EXERCISE:
Look below for the line with "differentiated reading comprehension" and the line with "Like new Minnetonka". Copy exactly those two lines and every line between, but not the pictures.

RAW DATA:
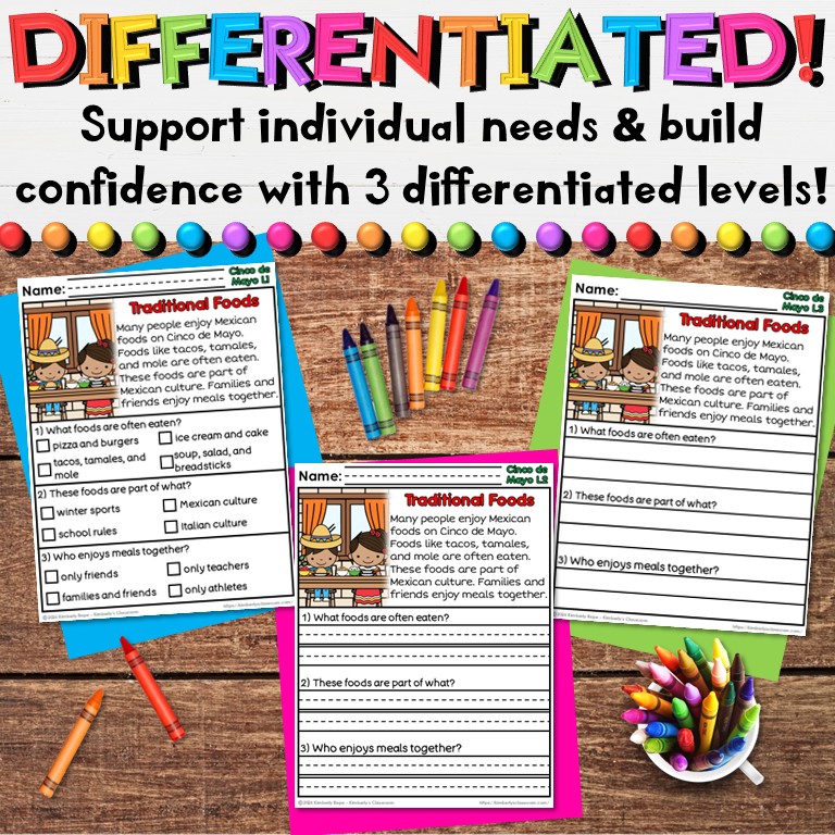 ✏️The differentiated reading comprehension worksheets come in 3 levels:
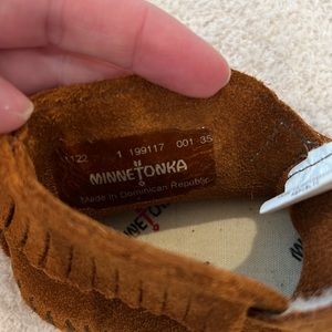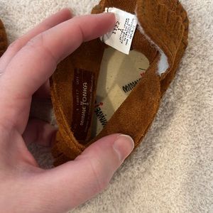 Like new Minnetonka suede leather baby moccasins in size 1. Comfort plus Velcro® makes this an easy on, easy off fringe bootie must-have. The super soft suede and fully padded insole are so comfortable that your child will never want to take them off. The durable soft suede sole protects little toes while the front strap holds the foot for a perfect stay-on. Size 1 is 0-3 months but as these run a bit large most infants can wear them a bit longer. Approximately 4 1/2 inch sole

* * *

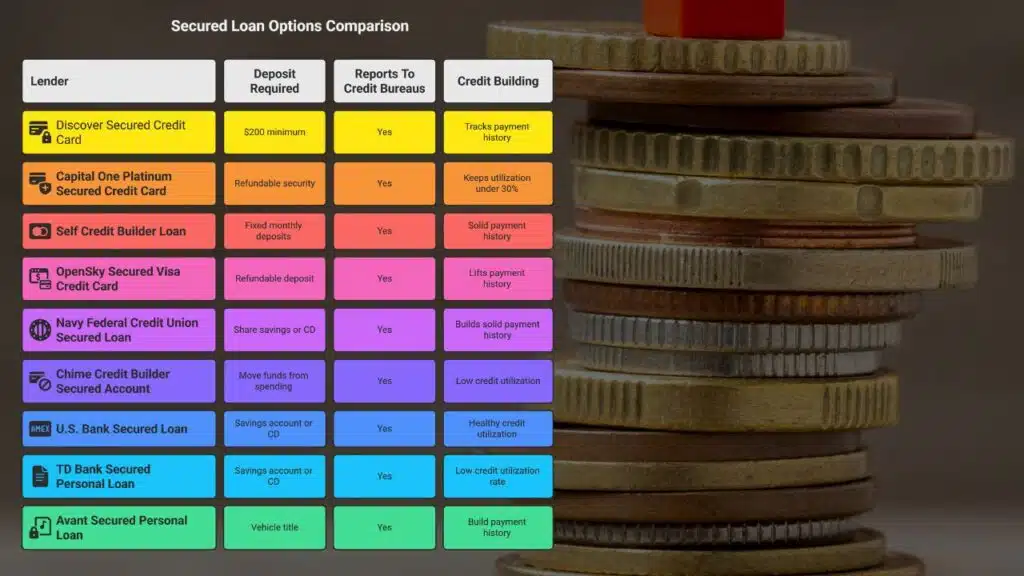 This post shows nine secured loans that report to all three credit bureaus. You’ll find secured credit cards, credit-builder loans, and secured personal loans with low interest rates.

TASK RESPONSE:
 ✏️The differentiated reading comprehension worksheets come in 3 levels:
 Like new Minnetonka suede leather baby moccasins in size 1. Comfort plus Velcro® makes this an easy on, easy off fringe bootie must-have. The super soft suede and fully padded insole are so comfortable that your child will never want to take them off. The durable soft suede sole protects little toes while the front strap holds the foot for a perfect stay-on. Size 1 is 0-3 months but as these run a bit large most infants can wear them a bit longer. Approximately 4 1/2 inch sole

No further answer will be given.